A simple approach to identifying patients at greatest risk of developing ASCVD could be to use the ASCVD risk estimator screening tool. The ASCVD Risk Estimator is intended as a companion tool to the 2013 ACC/AHA Guideline on the Assessment of Cardiovascular Risk and the 2013 ACC/AHA Guideline on the Treatment of Blood Cholesterol to Reduce Atherosclerotic Cardiovascular Risk in Adults. This Risk Estimator enables health care providers and patients to estimate 10-year and lifetime risks for atherosclerotic cardiovascular disease (ASCVD), defined as coronary death or nonfatal myocardial infarction, or fatal or nonfatal stroke, based on the Pooled Cohort Equations and lifetime risk prediction tools.
Expanding the algorithm
Stratifying based on the ASCVD risk score alone would not be enough to maximize resources, nor would it be sufficient to stratify any person already diagnosed with ASCVD. To expand the model, we could take a similar approach to one that Sanford Health took in which they used factors across utilization, vital health indicators, screening tools, morbidity, and tobacco usage. This would be a good option for organizations that wanted to build their own risk stratification algorithm.
|Patient Age||18-39, 0 pts
40-64, 1 pt
65+, 2 pts
|Hospital Encounter in the past year||1 pt for each admission in the past year – up to 3 pts|
|ED Encounter in the past year||1 pt for each ED visit in the past year – up to 3 pts|
|No Show Office Visit||1 pt for each no show office visit in the past year – up to 3 pts|
|A1C>/=9||A1C 8 -8.9: 1 ptAIC >/9=2 pts|
|BP >/= 140/90||BP >/= 140/90 – 1 pt|
|BMI > 40||BMI >40, 2 ptsBMI</= 18.5, 2 pts|
|Last GAD 7, >9||Last GAD score 10 -14, 1 pt
Last GAD >/= 15, 2 pts
|Last PHQ 9 >9||Last PHQ 9 score 10-14, 1 pt,
Last PHQ 9 score >/=15, 2 pts
|ACT < 20||ACT <20, 1 pt|
|Dx of COPD||Dx of COPD, 1pt|
|Dx of Diabetes||Dx of Diabetes, 1|
|Dx of CHF||Dx of CHF, 1 pt|
|Dx of Chronic Liver Disease||Dx of Chronic Liver Disease, 1 pt|
|Dx of Depression||Dx of Depression, 1pt|
|Dx of CKD||Dx of CKD, 1 pt|
|Tobacco Use||Current smoker or null, 1 pt|
Commercially available risk stratification algorithms offer much more advanced capabilities to identify patients that are at increased risk and who could benefit from targeted intervention. These solutions include Milliman’s MARA tool, Johns Hopkins Adjusted Clinical Grouper (ACG) system, Optum’s Impact PRO, 3M Clinical Risk Groups (CRGs), plus many others.
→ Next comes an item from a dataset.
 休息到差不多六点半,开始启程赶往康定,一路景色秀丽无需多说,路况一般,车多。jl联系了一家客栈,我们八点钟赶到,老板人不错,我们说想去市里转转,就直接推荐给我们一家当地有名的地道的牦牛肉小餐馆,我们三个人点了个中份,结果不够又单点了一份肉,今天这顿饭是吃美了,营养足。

At Inflight Health, we’ve integrated the Johns Hopkins ACG system into the platform. This provides advanced stratification capabilities to consider predicted total costs and expected resource use, frailty, probability of IP hospitalization, emergency department utilization, potential coordination issues across specialties, pharmacy indicators, as well as Social Determinants of Health.
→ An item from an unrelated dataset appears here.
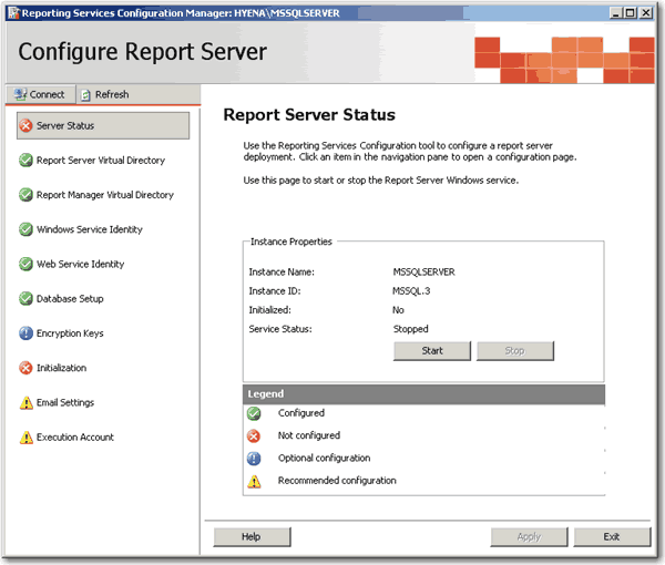 Note: "Report Server Configuration Manager" is only available in SQL Server 2005.

Using these factors as a baseline, we can then work with clinical teams to refine the algorithm and adjust the weighting for each, based on clinical intuition and organizational priorities. As patients are passed through these rules engines, they are ranked based on these factors, plus the overall ACG risk score. Over time, we are able to add new variables to the model and adjust weighting accordingly, so that we can dial in the algorithm to group patients by care/service needs and rank based on the severity of their overall health risk.
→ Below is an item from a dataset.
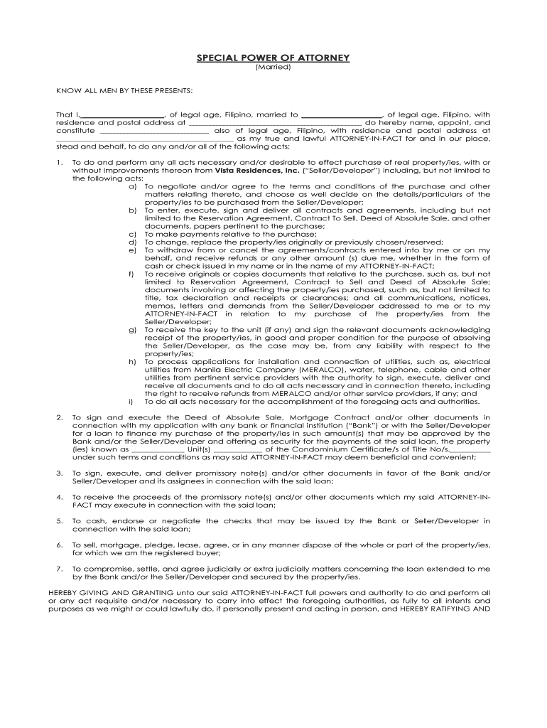 SPECIAL POWER OF ATTORNEY (Married) KNOW ALL MEN BY THESE PRESENTS: That I, of legal age, Filipino, married to, of legal age, Filipino, with residence and postal address at do hereby name, appoint,
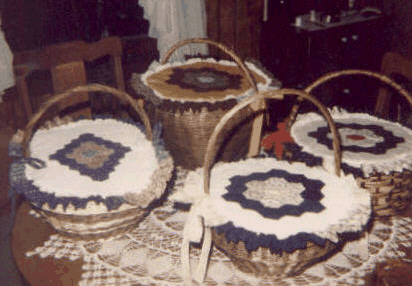 Quilting is Emily's favorite hobby. She has made many of these baskets for presents. The count in 1998 was 70+.

Achieving a patient-centered population-based approach to care management is a big undertaking, but it can be accomplished with small iterative and incremental steps over time. As we’ve illustrated throughout this post, it’s okay to start narrow and expand on capabilities; to focus initially on those populations that present with the greatest opportunity – as long as the end game is to deliver high-value coordinated care for every patient regardless of where they are at in their health journey.